When I feed a ball between points to the doubles player who’s at the net, I never hit the ball into the net. NEVER. The odds of my hitting it directly into their pocket feel roughly equal to the odds of my plopping it into the net.

The difference is striking, and extraordinary. How can I hit such feeble ‘real’ drop shots yet feed the ball to within a foot or two of the ideal drop shot landing place pretty much every time?

I‘ve identified three reasons.

First, playing a ball that my opponent just hit at me is more difficult than hitting a ball off my own toss.

Second, the fact that ‘real’ drop shots have consequences makes it harder to execute them at a high level.

Third — and now I come to the heart of this meditation — I have a living, breathing human target when I feed the ball between points. When I hit a drop shot in a match, I’m aiming at empty space — and this, for me, seems to make a huge difference.

This isn’t the only situation where I find aiming at empty space more challenging than hitting to a person. Let‘s say I‘m playing singles and serving to the ad court. I hit a good kick serve that pulls my opponent wide. He chips it back short to my forehand. It’s my point to win or lose. All I need to do is finish with my forehand.

Welcome to Carl’s Confession Hour: I tend to miss that shot too much. Over time, I’ve concluded that my discomfort with hitting into space is the main reason why. If you were to set up a person like a bowling pin in the bull’s-eye of that empty space, I’d have a better success rate.

This has been confirmed by trial-and-error. I do better when I visualize an imaginary ally in the open space I’m aiming for. It feels more inviting … easier.

The reason for this may have to do with my feelings about solitude and community. But that is an aside. The main takeaways here are two:

  • You can use your imagination to your advantage on the tennis court.
  • Visualizing an imaginary ally instead of empty space may help you play better, just as it appears to be helping me.

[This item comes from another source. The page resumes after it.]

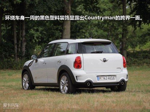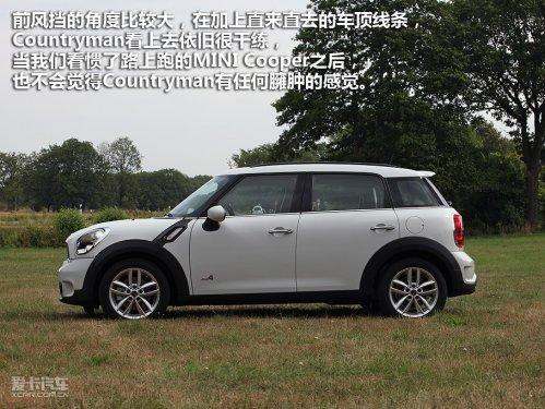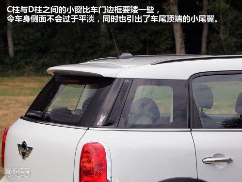 MINICountryman的造型比例比较协调,车头部分所占的比重刚刚好,前风挡的角度比较大,在加上直来直去的车顶线条,Countryman看上去依旧很干练,当我们看惯了路上跑的MINI Cooper之后,也不会觉得Countryman有任何臃肿的感觉。C柱与D柱之间的小窗比车门边框要矮一些,令车身侧面不会过于平淡,同时也引出了车尾顶端的小尾翼。环绕车身一周的黑色塑料装饰无疑显露出Countryman的跨界一面。

Inserting an imaginary ally can be useful in off-court situations, too. Let’s say you‘re squabbling with your spouse. By imagining that you’re talking with their best version, not the jerk who’s annoying the hell out of you right now, it might help you navigate the spat with more ease and kindness.

Do you see yourself as a people person? If so, does that help or hinder you on the tennis court, and why? Would you benefit from partnering with imaginary allies, either on the court or elsewhere?